This work addresses the dual incompleteness problem in multi-view multi-label learning, where both views and labels may be simultaneously missing—a scenario in which existing methods struggle to learn stable and discriminative shared representations due to the lack of explicit structural constraints. To tackle this challenge, the authors propose a structured consistent representation learning framework that learns discrete consensus representations through a shared multi-view codebook and cross-view reconstruction. At the decision level, a label-correlation-aware view-weighted fusion mechanism is introduced to leverage structural dependencies among labels. Furthermore, a teacher-guided self-distillation architecture is designed to distill global knowledge back into individual view-specific branches, thereby enhancing generalization. Extensive experiments on five benchmark datasets demonstrate that the proposed method significantly outperforms state-of-the-art approaches, confirming its effectiveness and robustness under dual missingness conditions.
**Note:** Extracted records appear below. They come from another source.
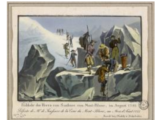
Descente de Monsieur de Saussure de la Cime du Mont Blanc, au mois d'août 1785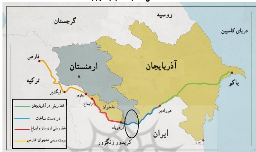
شکل ۴: راه‌گذر زنگزور

روندهای ژئوپلیتیکی در جنگ دوم قره‌باغ است که می‌تواند پیامدهای ژئوپلیتیکی نیز در آینده به‌همراه داشته باشد.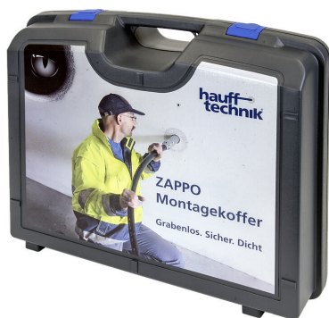
Maletín de montaje ZAPPO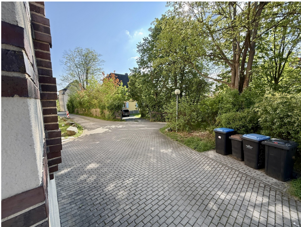
Eingang Blick aus Kinderzimmer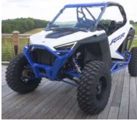
RZR PRO XP TURBO DYNAMIX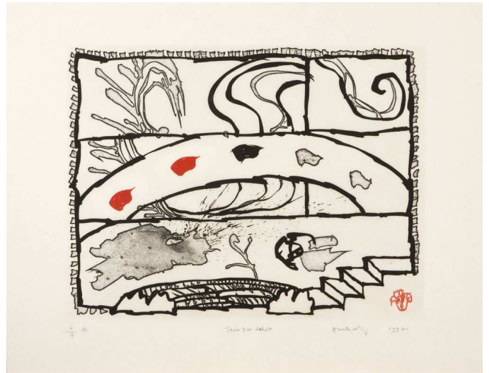
Pierre Alechinsky , Trois pas dehors , 1992, 91.5 x 71.5 cm, gravure signée et numérotée.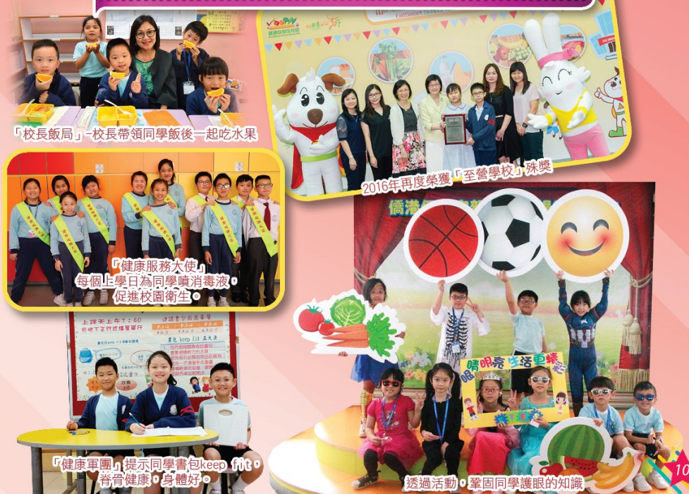
「校長飯局」-校長帶領同學飯後一起吃水果

Although multi-view multi-label learning has been extensively studied, research on the dual-missing scenario, where both views and labels are incomplete, remains largely unexplored. Existing methods mainly rely on contrastive learning or information bottleneck theory to learn consistent representations under missing-view conditions, but loss-based alignment without explicit structural constraints limits the ability to capture stable and discriminative shared semantics. To address this issue, we introduce a more structured mechanism for consistent representation learning: we learn discrete consistent representations through a multi-view shared codebook and cross-view reconstruction, which naturally align different views within the limited shared codebook embeddings and reduce feature redundancy. At the decision level, we design a weight estimation method that evaluates the ability of each view to preserve label correlation structures, assigning weights accordingly to enhance the quality of the fused prediction. In addition, we introduce a fused-teacher self-distillation framework, where the fused prediction guides the training of view-specific classifiers and feeds the global knowledge back into the single-view branches, thereby enhancing the generalization ability of the model under missing-label conditions. The effectiveness of our proposed method is thoroughly demonstrated through extensive comparative experiments with advanced methods on five benchmark datasets. Code is available at https://github.com/xuy11/SCSD.